■ Your task
Go to the line containing "Navy Leather Chord Stainless Steel Bar" in the records below and print it and every following line exactly, on through the line containing "Черный, хлопок, ткань", then stop.

= Beginning of Section =

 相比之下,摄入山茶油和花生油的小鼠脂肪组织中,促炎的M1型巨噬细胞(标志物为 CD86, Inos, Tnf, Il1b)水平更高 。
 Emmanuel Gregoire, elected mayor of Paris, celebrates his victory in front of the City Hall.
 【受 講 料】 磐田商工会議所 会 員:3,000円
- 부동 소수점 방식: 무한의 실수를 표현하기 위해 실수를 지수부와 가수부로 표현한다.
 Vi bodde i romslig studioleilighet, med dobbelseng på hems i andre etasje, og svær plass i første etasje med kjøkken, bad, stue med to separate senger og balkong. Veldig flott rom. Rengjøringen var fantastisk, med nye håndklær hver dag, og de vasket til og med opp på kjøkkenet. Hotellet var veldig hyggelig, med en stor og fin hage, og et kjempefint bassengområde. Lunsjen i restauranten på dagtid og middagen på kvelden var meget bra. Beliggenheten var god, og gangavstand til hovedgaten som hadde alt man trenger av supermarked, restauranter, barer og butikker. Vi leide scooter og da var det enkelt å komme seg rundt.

= End of Section =
= Beginning of Section =

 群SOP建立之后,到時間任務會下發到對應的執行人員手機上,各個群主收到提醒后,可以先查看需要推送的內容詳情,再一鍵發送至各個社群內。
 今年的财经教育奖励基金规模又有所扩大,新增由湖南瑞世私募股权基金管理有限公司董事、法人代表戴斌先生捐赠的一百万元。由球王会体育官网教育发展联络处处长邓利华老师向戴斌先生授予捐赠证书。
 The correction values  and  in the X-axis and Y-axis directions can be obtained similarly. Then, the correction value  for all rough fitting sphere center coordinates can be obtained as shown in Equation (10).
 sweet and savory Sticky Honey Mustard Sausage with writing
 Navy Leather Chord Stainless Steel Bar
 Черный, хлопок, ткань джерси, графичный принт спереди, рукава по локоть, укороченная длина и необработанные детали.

= End of Section =

■ Written answer
 Navy Leather Chord Stainless Steel Bar
 Черный, хлопок, ткань джерси, графичный принт спереди, рукава по локоть, укороченная длина и необработанные детали.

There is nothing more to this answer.